简体   繁体   English

使用变量在 R 中创建正则表达式模式

[英]Using variable to create regular expression pattern in R

I have a function:我有一个功能:

ncount <- function(num = NULL) {

 toRead <- readLines("abc.txt")
 n <- as.character(num)
 x <- grep("{"n"} number",toRead,value=TRUE)

}

While grep-ing, I want the num passed in the function to dynamically create the pattern to be searched? grep-ing 时,我希望函数中传递的 num 动态创建要搜索的模式? How can this be done in R?这如何在 R 中完成? The text file has number and text in every line文本文件的每一行都有数字和文本

您可以使用paste连接字符串:

grep(paste("{", n, "} number", sep = ""),homicides,value=TRUE)

In order to build a regular expression from variables in R, in the current scenarion, you may simply concatenate string literals with your variable using paste0 :为了从 R 中的变量构建正则表达式,在当前场景中,您可以简单地使用paste0字符串文字与您的变量连接paste0

grep(paste0('\\{', n, '} number'), homicides, value=TRUE)

Note that { is a special character outside a [...] bracket expression (also called character class ), and should be escaped if you need to find a literal { char.请注意, {[...]括号表达式(也称为字符类)之外的特殊字符,如果您需要查找文字{ char.

In case you use a list of items as an alternative list , you may use a combination of paste / paste0 :如果您使用项目列表作为替代列表,您可以使用paste / paste0组合

words <- c('bananas', 'mangoes', 'plums')
regex <- paste0('Ben likes (', paste(words, collapse='|'), ')\\.')

The resulting Ben likes (bananas|mangoes|plums)\\.由此产生的Ben likes (bananas|mangoes|plums)\\. regex will match Ben likes bananas.正则表达式匹配Ben likes bananas. , Ben likes mangoes. Ben likes mangoes. or Ben likes plums.或者Ben likes plums. . . See the R demo and the regex demo .请参阅[R演示正则表达式演示

NOTE : PCRE (when you pass perl=TRUE to base R regex functions) or ICU ( stringr / stringi regex functions) have proved to better handle these scenarios, it is recommended to use those engines rather than the default TRE regex library used in base R regex functions.注意:PCRE(当您将perl=TRUE传递给 base R regex 函数时)或 ICU( stringr / stringi regex 函数)已证明可以更好地处理这些情况,建议使用这些引擎而不是 base 中使用的默认 TRE regex 库R 正则表达式函数。

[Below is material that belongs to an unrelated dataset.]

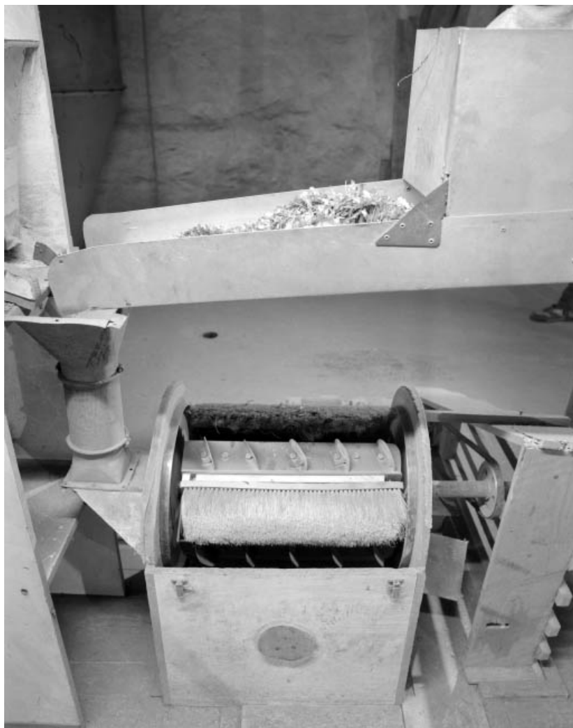
Vue plongeante. Le démontage de la paroi supérieure laisse apparaître les brosses (fibres végétales). 39, Supt, lieudit : la Joux

Oftentimes, you will want to build a pattern with a list of words that should be matched exactly, as whole words.通常,您会希望构建一个包含应该完全匹配的单词列表的模式,作为整个单词。 Here, a lot will depend on the type of boundaries and whether the words can contain special regex metacharacters or not, whether they can contain whitespace or not.在这里,很大程度上取决于边界的类型以及单词是否可以包含特殊的正则表达式元字符,它们是否可以包含空格。

In the most general case, word boundaries ( \\b ) work well.在最一般的情况下,单词边界 ( \\b )效果很好。

regex <- paste0('\\b(', paste(words, collapse='|'), ')\\b')
unlist(regmatches(examples, gregexpr(regex, examples, perl=TRUE)))
## => [1] "bananas" "mangoes" "plums"  

The \\b(bananas|mangoes|plums)\\b pattern will match bananas , but won't match banana (see an R demo ). \\b(bananas|mangoes|plums)\\b模式将匹配bananas ,但不会匹配banana (参见R 演示)。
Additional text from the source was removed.